Hematopoietic growth factors, including erythrocyte stimulating agents (ESAs), granulocyte colony-stimulating factors, and thrombopoietin mimetics, can mitigate anemia, neutropenia, and thrombocytopenia resulting from chemotherapy for the treatment of cancer. In the context of pandemic SARS-CoV-2 infection, patients with cancer have been identified as a group at high risk of morbidity and mortality from this infection. Our subcommittee of the NCCN Hematopoietic Growth Factors Panel convened a voluntary group to review the potential value of expanded use of such growth factors in the current high-risk environment. Although recommendations are available on the NCCN website in the COVID-19 Resources Section (https://www.nccn.org/covid-19/), these suggestions are provided without substantial context or reference. Herein we review the rationale and data underlying the suggested alterations to the use of hematopoietic growth factors for patients with cancer in the COVID-19 era.

In December 2019, a cluster of acute respiratory illness, now known as “SARS-CoV-2–associated pneumonia” or “clinical COVID-19,” emerged in Wuhan, Hubei Province, China. 1 This illness has spread rapidly worldwide and as of June 12, 2020, had been reported in more than 16.5 million individuals. 2 Disease presentation has been variable, with some individuals exhibiting almost no symptoms and others dying rapidly. 3 5 Early reports from China on those with a more severe disease course suggested an overrepresentation of patients with cancer, although the number of patients in these series was small. 6,7 Patients with severe disease presentation are more likely to die of the disease, with some series reporting extremely high mortality rates among individuals requiring ventilator support. 4,5,8 Based on a concern for excess morbidity and mortality from SARS-CoV-2 infection in patients with cancer, many changes to clinical practice across the spectrum of disease have been rapidly adopted, including delays in surgery and alterations to standard chemotherapy regimens with proven clinical benefit. 7,9,10 The impact that these changes in practice will have on outcomes for patients with cancer is unknown. Strategies to limit hematologic toxicity to support use of the most accepted and effective chemotherapy regimens, and thereby limit the need for changes in clinical practice, are an attractive alternative to dose reduction or omission of chemotherapy for patients with cancer who are likely to derive substantial clinical benefit from treatment. We particularly highlight the potential benefit from expanded use of hematopoietic growth factors for patients in whom chemotherapy dose reduction may compromise outcome or in whom chemotherapy dose reduction alone may not be adequate to reduce risk.
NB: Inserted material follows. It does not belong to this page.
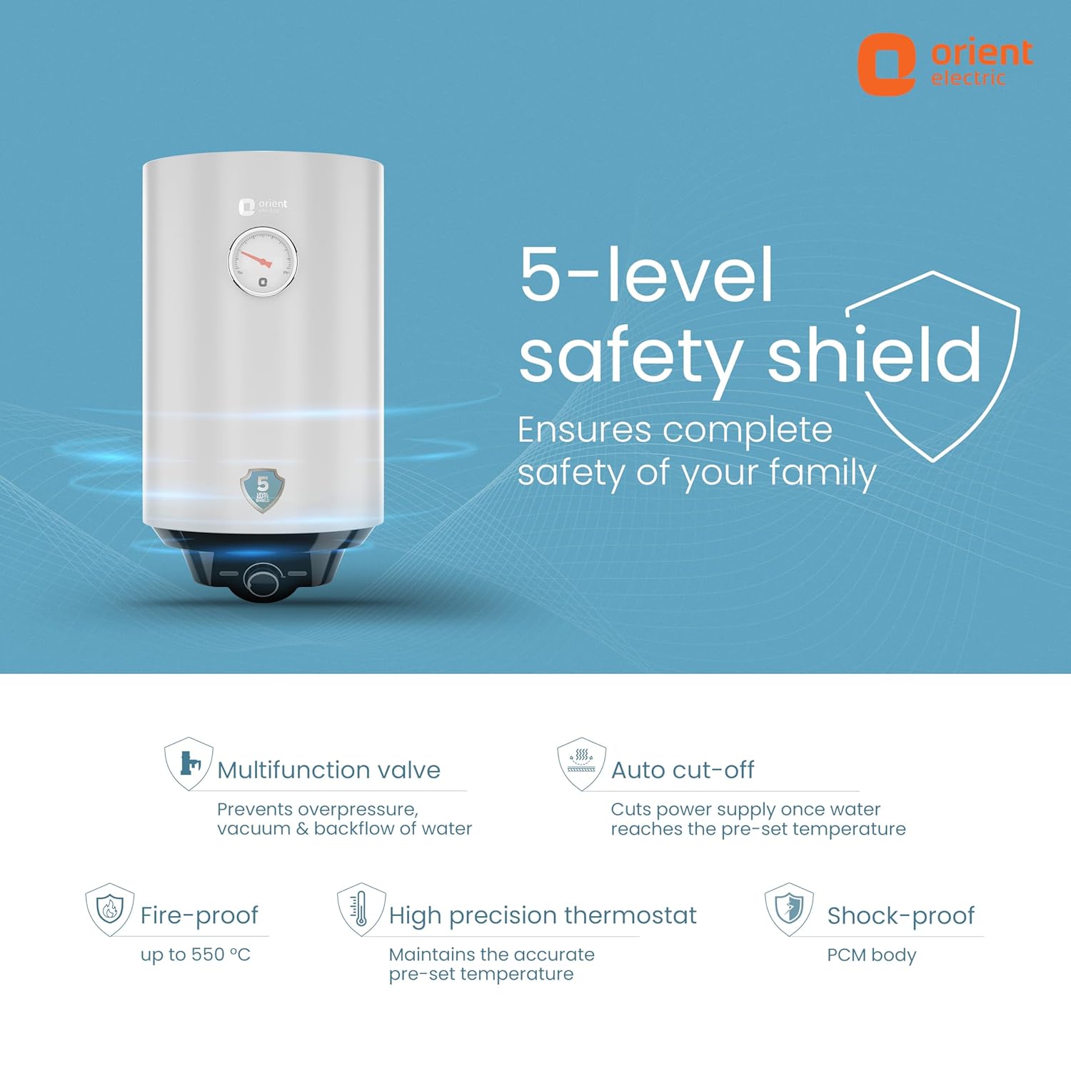 ENHANCED SAFETY & BETTER LOAD EFFICIENCY: This electric water heater for home comes with a multifunction valve for enhanced safety, as well as a moulded 3-pin plug for better load efficiency.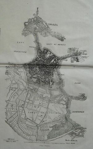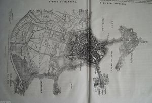Inusuale mappa topografica antica della città di Mantova e dei suoi dintorni, risalente al 1848.

Historically, NCCN, through an expert panel of representatives from its Member Institutions, has provided supportive care guidelines updated at least annually for use of hematopoietic growth factors, including granulocyte-colony stimulating factors (G-CSFs), granulocyte-macrophage colony-stimulating factors, erythropoiesis-stimulating agents (ESAs), and other measures to manage cancer and chemotherapy-associated cytopenias. 11,12 These guidelines are based on the best available published clinical data and expert opinion/clinical practice at NCCN Member Institutions. Considering concern regarding increased morbidity and mortality for patients with cancer exposed to SARS-CoV-2 infection, our panel convened a voluntary subcommittee to provide guidance for more optimal use of growth factors during the pandemic. Our goal from these suggestions is to reduce the risk of hematologic complications associated with cancer chemotherapy and thereby to minimize exposure to the infusion clinic, referral to the emergency department, and hospital occupancy in times when these places may be in short supply and/or pose an exposure risk for our vulnerable population. Furthermore, we suggest these recommendations to decrease the need for transfusions during times of limited blood supply due to widespread cancellation of donor blood drives. NCCN has posted the subcommittee’s short-term recommendations on the COVID-19 resources page (https://www.nccn.org/covid-19/pdf/HGF_COVID-19.pdf). 13 We have compiled the following in-depth description of the rationale and evidence supporting our recommendations.

Avoidance and Treatment of Neutropenia

Febrile neutropenia (FN) is among the most common complications associated with chemotherapy treatment. Historically, NCCN has recommended the routine prophylactic use of G-CSFs (including FDA-approved biosimilar products) for all patients receiving chemotherapy regimens deemed to pose a high risk for development of FN (>20%). 12 In the context of increased risk associated with excess exposure to the healthcare setting during the pandemic (eg, urgent care centers or emergency department), the panel has extended our recommendation for routine prophylactic use of G-CSF to all patients receiving regimens deemed to pose intermediate risk (10%–20% risk) or high risk of FN. We urge clinicians to remember that prophylactic G-CSFs may also be appropriate in patients receiving regimens in the low-risk category (<10%) whose comorbidities or age place them at intrinsically higher risk for FN due to poor bone marrow reserve.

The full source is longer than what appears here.